_What needs to be done_
Print nothing except the line holding "현대중공업은 5일 오전" and the lines that come after it in the material below, and leave the pictures out.

_Records shown_
▼▼▼
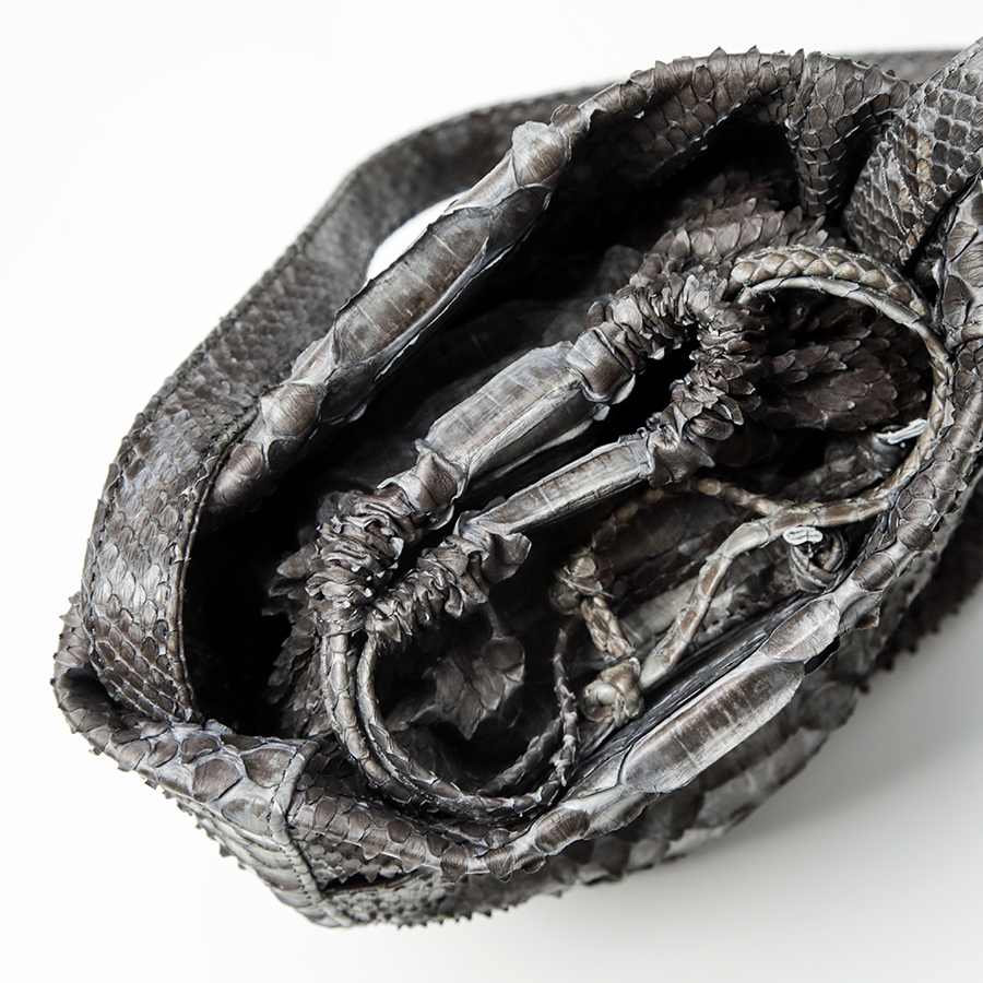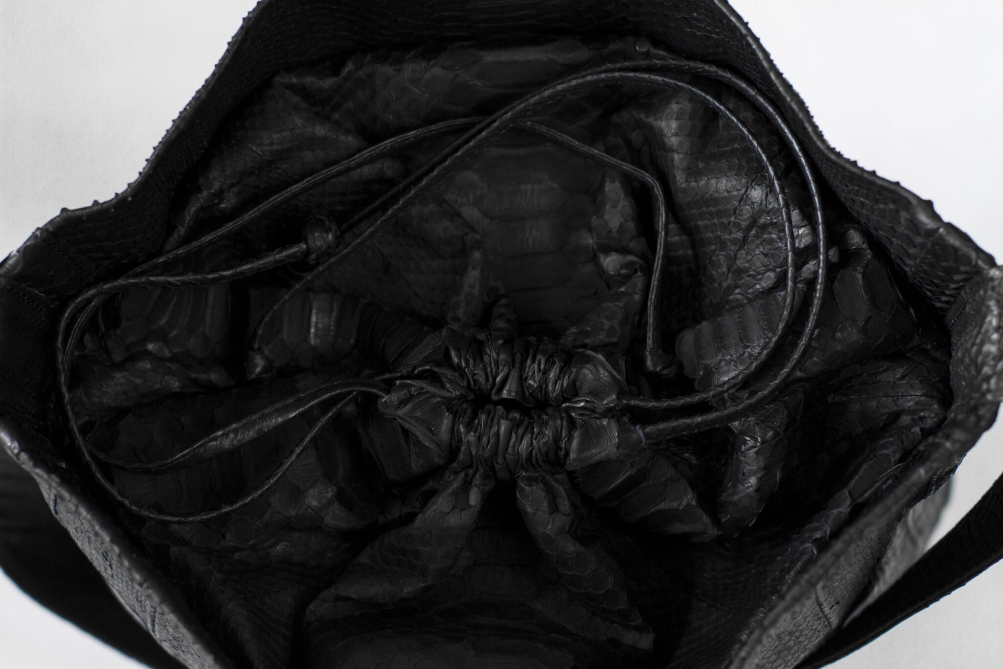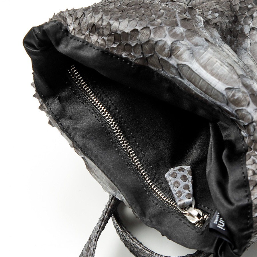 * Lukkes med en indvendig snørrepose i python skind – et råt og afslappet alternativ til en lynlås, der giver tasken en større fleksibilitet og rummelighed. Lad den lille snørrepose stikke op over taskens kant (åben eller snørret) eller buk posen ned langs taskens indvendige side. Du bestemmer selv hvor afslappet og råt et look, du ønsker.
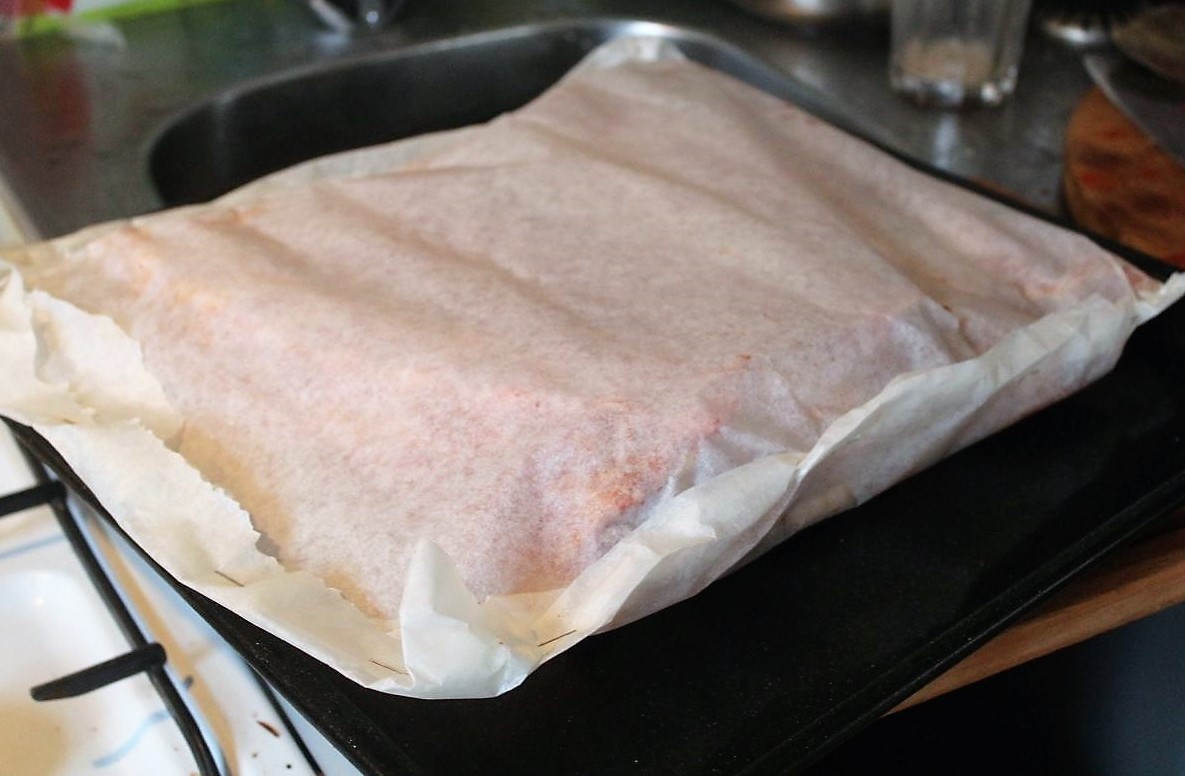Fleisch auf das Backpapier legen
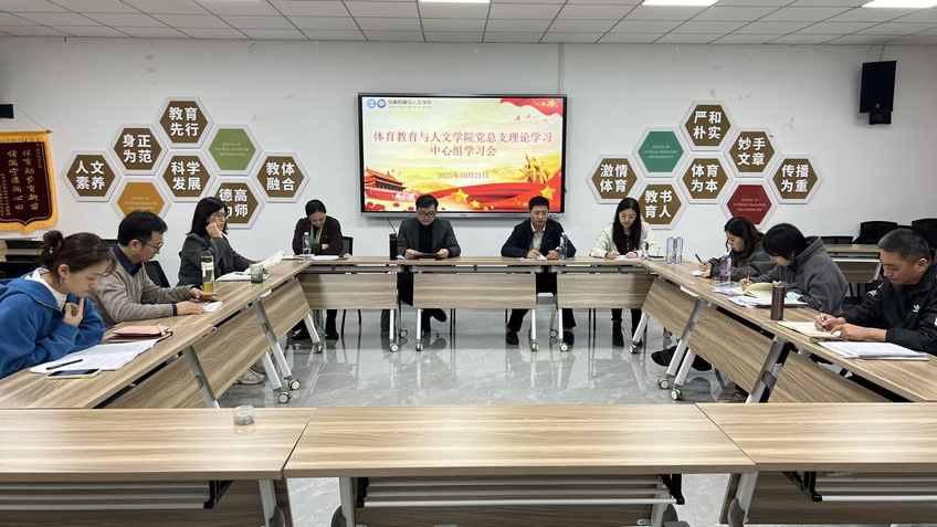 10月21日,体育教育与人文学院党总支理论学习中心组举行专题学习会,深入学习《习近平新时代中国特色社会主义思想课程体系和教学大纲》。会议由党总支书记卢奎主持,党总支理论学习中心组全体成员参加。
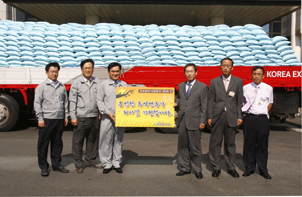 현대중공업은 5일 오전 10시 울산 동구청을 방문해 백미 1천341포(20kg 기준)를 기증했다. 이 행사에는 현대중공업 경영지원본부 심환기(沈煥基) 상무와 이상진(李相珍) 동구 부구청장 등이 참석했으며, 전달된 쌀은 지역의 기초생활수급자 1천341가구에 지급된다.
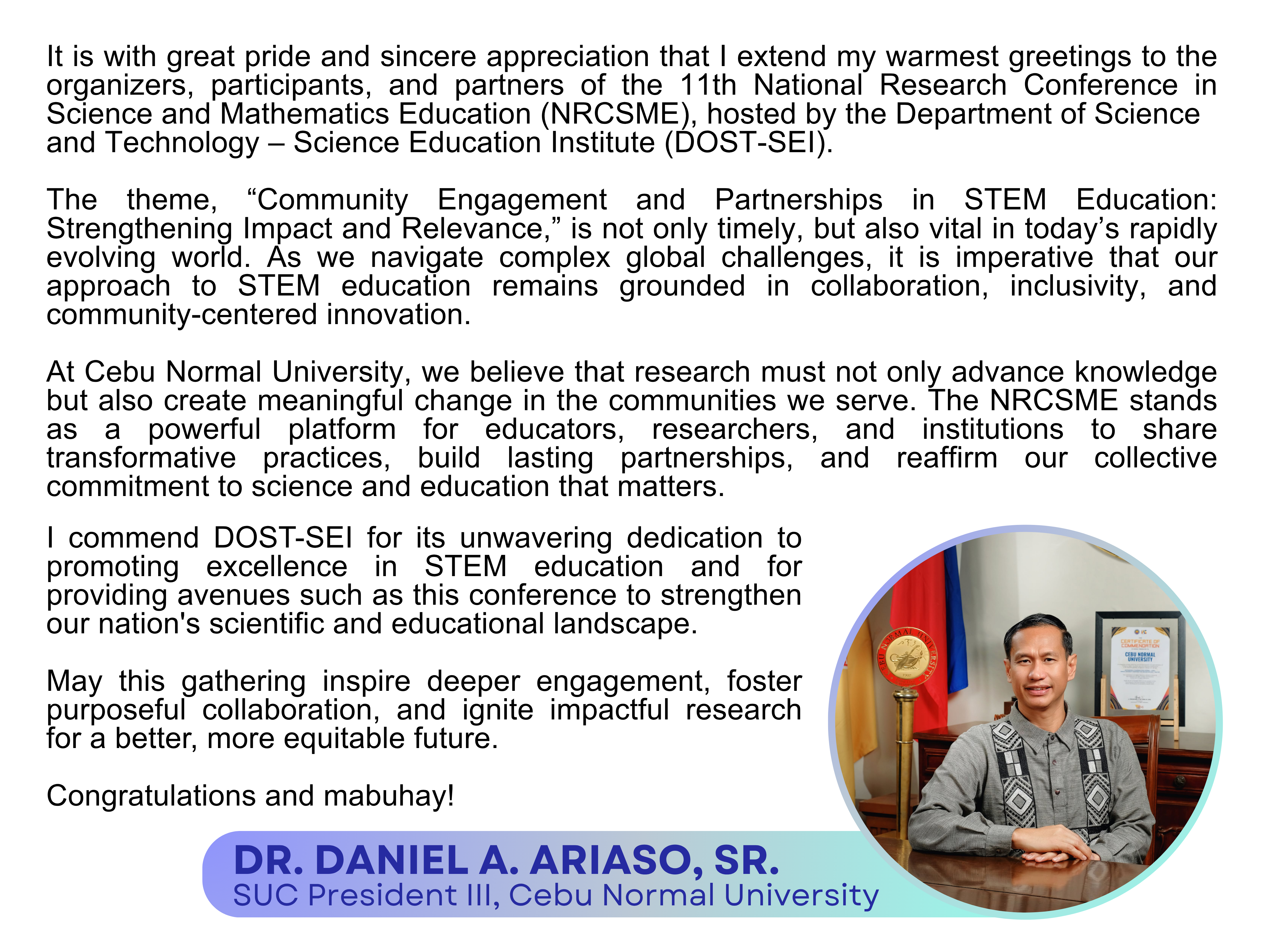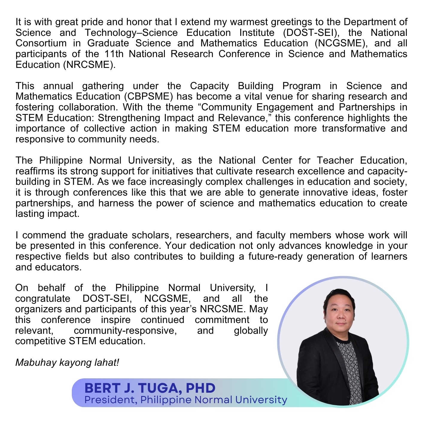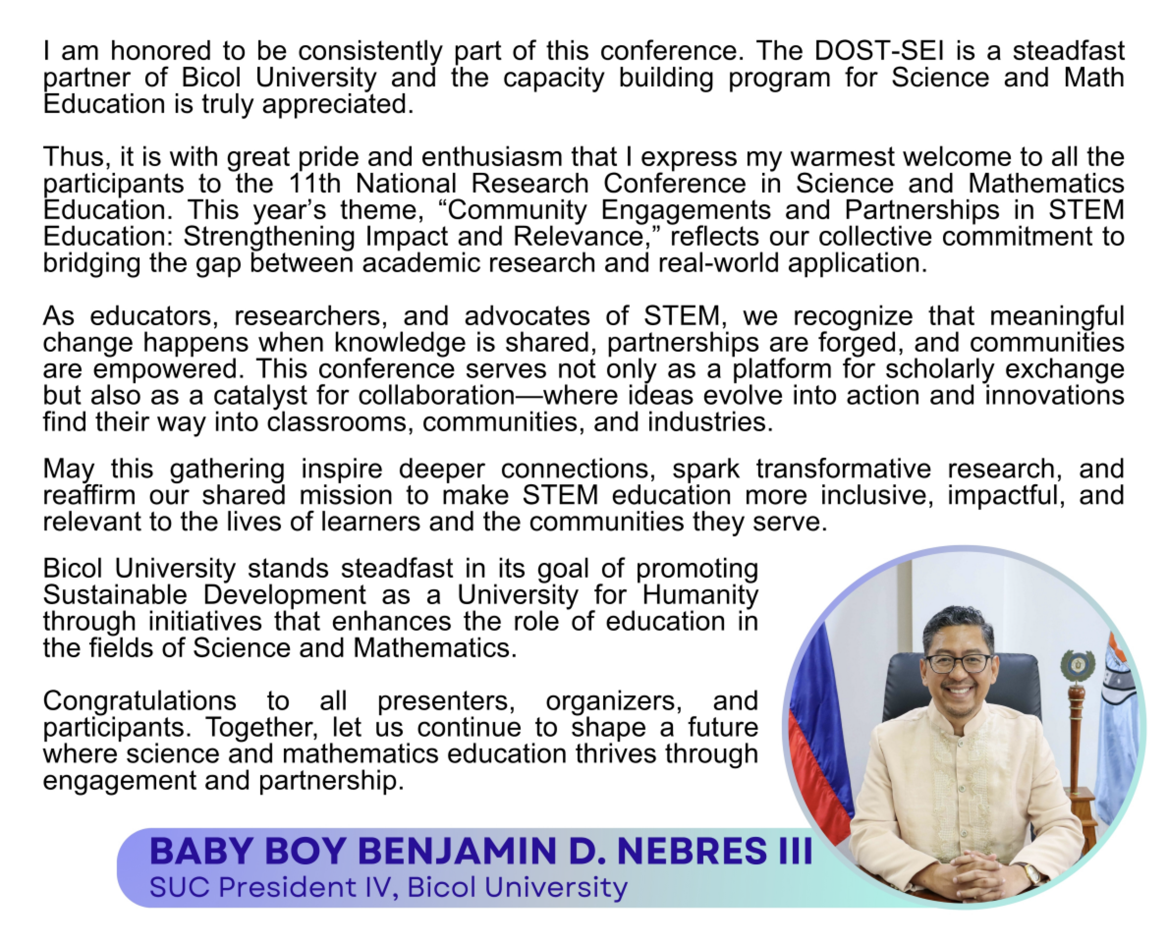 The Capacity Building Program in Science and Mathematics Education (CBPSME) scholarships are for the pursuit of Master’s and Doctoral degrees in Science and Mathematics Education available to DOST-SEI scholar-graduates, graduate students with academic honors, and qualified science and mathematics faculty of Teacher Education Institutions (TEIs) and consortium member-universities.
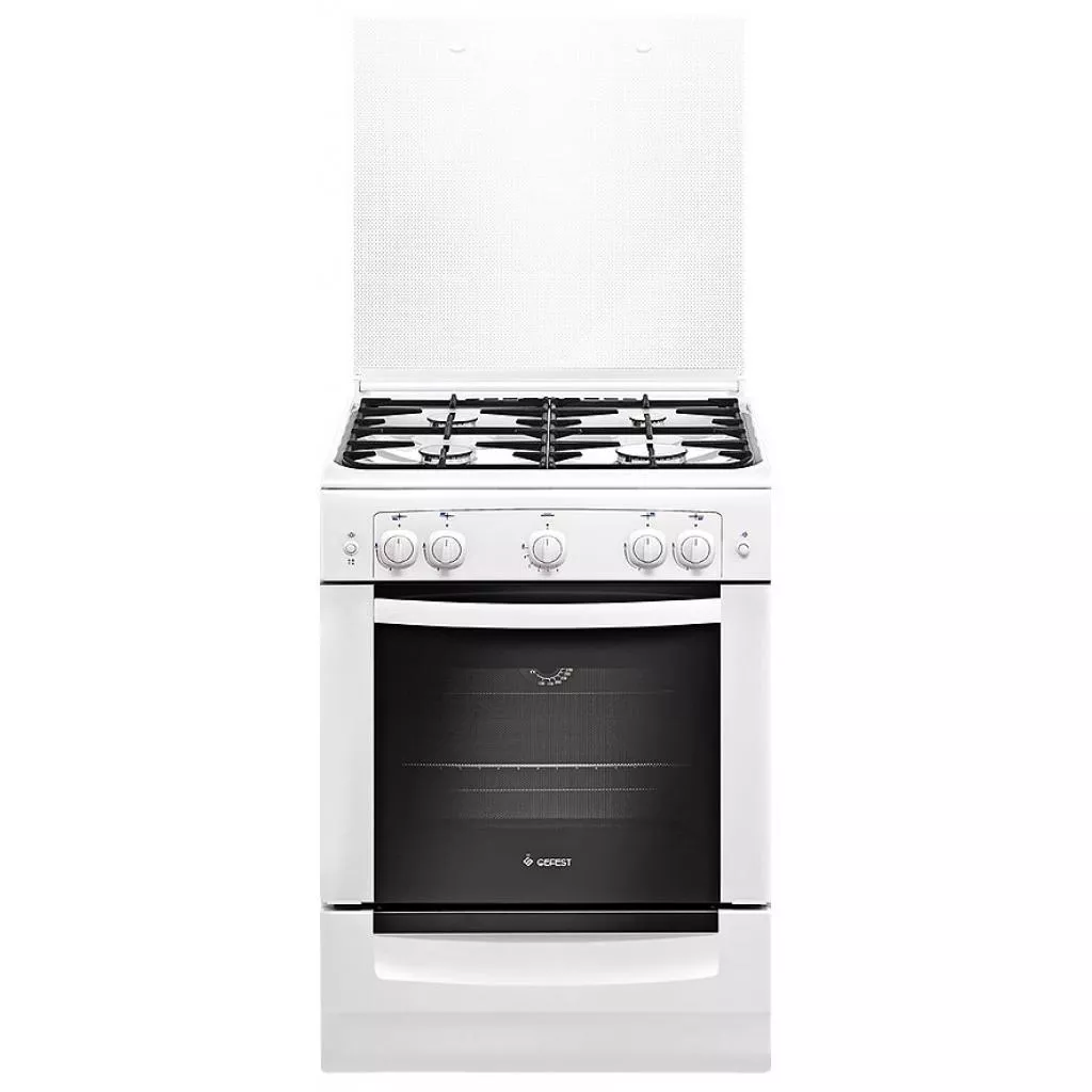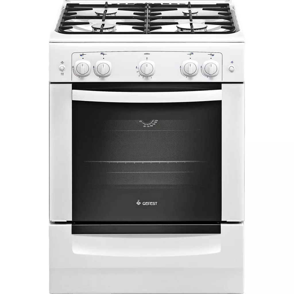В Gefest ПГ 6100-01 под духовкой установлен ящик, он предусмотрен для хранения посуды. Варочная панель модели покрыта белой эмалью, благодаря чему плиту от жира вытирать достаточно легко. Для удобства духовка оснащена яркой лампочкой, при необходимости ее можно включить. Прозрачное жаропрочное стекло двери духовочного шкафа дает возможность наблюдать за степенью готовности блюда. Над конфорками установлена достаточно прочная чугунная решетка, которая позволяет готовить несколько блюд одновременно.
▲▲▲
_Solution for this task_
 현대중공업은 5일 오전 10시 울산 동구청을 방문해 백미 1천341포(20kg 기준)를 기증했다. 이 행사에는 현대중공업 경영지원본부 심환기(沈煥基) 상무와 이상진(李相珍) 동구 부구청장 등이 참석했으며, 전달된 쌀은 지역의 기초생활수급자 1천341가구에 지급된다.
 The Capacity Building Program in Science and Mathematics Education (CBPSME) scholarships are for the pursuit of Master’s and Doctoral degrees in Science and Mathematics Education available to DOST-SEI scholar-graduates, graduate students with academic honors, and qualified science and mathematics faculty of Teacher Education Institutions (TEIs) and consortium member-universities.
В Gefest ПГ 6100-01 под духовкой установлен ящик, он предусмотрен для хранения посуды. Варочная панель модели покрыта белой эмалью, благодаря чему плиту от жира вытирать достаточно легко. Для удобства духовка оснащена яркой лампочкой, при необходимости ее можно включить. Прозрачное жаропрочное стекло двери духовочного шкафа дает возможность наблюдать за степенью готовности блюда. Над конфорками установлена достаточно прочная чугунная решетка, которая позволяет готовить несколько блюд одновременно.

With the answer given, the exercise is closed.